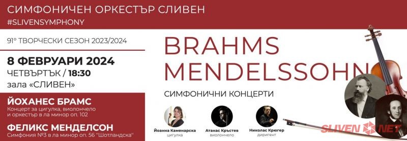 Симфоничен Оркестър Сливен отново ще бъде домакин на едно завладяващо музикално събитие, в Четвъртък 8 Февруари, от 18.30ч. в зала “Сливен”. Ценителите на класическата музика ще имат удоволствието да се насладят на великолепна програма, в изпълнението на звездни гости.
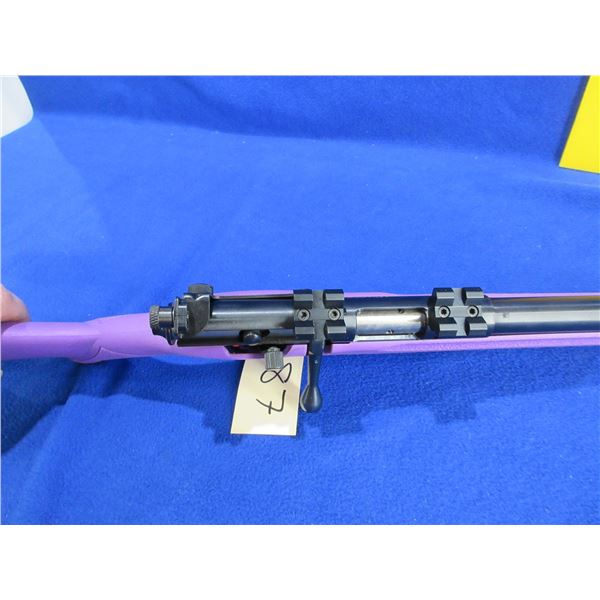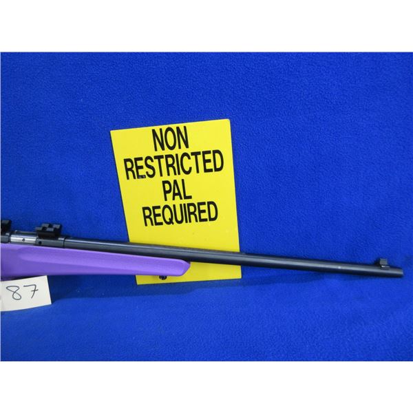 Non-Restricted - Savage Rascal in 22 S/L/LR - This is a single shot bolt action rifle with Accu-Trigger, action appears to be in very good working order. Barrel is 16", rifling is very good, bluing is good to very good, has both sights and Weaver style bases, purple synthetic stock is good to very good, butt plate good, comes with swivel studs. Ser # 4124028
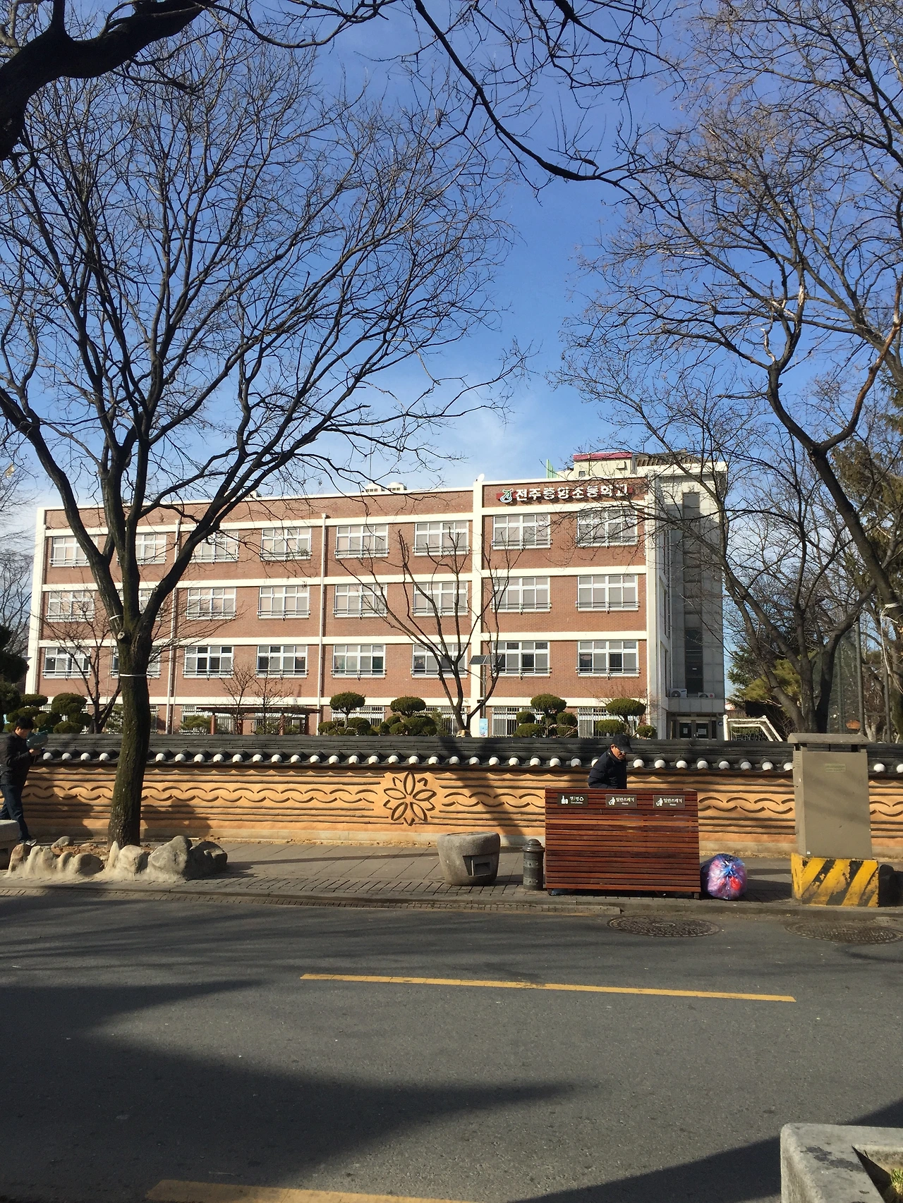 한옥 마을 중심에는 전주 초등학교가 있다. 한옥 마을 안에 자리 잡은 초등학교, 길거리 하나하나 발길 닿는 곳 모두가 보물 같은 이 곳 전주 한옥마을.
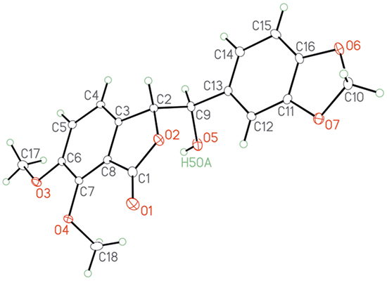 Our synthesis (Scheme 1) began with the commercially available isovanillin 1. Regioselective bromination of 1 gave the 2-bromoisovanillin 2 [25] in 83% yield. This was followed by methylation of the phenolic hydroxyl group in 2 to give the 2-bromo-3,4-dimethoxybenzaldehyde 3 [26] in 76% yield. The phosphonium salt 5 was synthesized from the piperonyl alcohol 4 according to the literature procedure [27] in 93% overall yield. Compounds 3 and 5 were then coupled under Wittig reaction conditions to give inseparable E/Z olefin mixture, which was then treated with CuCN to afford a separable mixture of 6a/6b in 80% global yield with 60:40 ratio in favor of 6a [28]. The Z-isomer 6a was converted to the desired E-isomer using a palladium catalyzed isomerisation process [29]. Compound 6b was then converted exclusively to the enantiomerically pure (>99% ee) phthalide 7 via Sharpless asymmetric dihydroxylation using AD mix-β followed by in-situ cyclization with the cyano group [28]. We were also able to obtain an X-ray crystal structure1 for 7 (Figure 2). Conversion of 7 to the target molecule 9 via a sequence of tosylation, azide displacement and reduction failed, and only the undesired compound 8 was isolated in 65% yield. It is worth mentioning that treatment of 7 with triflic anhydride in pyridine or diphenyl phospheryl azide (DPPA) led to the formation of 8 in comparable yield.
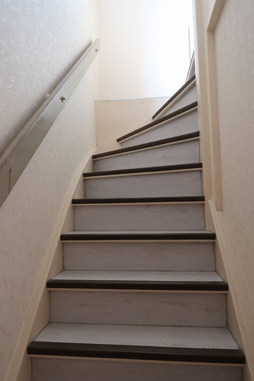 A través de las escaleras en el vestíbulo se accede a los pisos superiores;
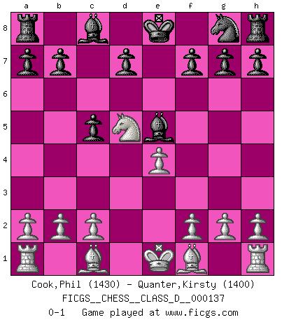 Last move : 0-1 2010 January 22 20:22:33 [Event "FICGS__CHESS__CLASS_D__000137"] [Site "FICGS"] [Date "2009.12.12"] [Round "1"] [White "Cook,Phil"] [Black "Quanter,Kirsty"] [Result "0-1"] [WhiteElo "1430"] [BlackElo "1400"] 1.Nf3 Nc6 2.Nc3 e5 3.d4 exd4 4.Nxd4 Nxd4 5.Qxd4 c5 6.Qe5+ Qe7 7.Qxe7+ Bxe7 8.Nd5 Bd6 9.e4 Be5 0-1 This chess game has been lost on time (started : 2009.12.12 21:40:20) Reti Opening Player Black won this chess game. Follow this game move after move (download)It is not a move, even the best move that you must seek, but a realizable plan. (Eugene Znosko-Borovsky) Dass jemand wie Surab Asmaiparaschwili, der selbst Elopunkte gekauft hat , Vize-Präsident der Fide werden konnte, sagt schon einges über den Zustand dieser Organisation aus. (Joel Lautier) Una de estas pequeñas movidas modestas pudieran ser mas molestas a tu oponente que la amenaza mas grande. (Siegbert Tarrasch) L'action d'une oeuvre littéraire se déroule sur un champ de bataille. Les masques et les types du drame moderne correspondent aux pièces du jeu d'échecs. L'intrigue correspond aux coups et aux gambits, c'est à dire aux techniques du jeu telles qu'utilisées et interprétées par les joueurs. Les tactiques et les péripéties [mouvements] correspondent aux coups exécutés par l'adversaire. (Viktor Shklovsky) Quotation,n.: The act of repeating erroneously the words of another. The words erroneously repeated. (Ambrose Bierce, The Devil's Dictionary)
· · · · · · ·
How to complete this task: Copy only the part of the records that runs from the first line to the line with "한옥 마을 중심에는 전주", ends included, leaving pictures out.

Answer for this exercise:
 Симфоничен Оркестър Сливен отново ще бъде домакин на едно завладяващо музикално събитие, в Четвъртък 8 Февруари, от 18.30ч. в зала “Сливен”. Ценителите на класическата музика ще имат удоволствието да се насладят на великолепна програма, в изпълнението на звездни гости.
 Non-Restricted - Savage Rascal in 22 S/L/LR - This is a single shot bolt action rifle with Accu-Trigger, action appears to be in very good working order. Barrel is 16", rifling is very good, bluing is good to very good, has both sights and Weaver style bases, purple synthetic stock is good to very good, butt plate good, comes with swivel studs. Ser # 4124028
 한옥 마을 중심에는 전주 초등학교가 있다. 한옥 마을 안에 자리 잡은 초등학교, 길거리 하나하나 발길 닿는 곳 모두가 보물 같은 이 곳 전주 한옥마을.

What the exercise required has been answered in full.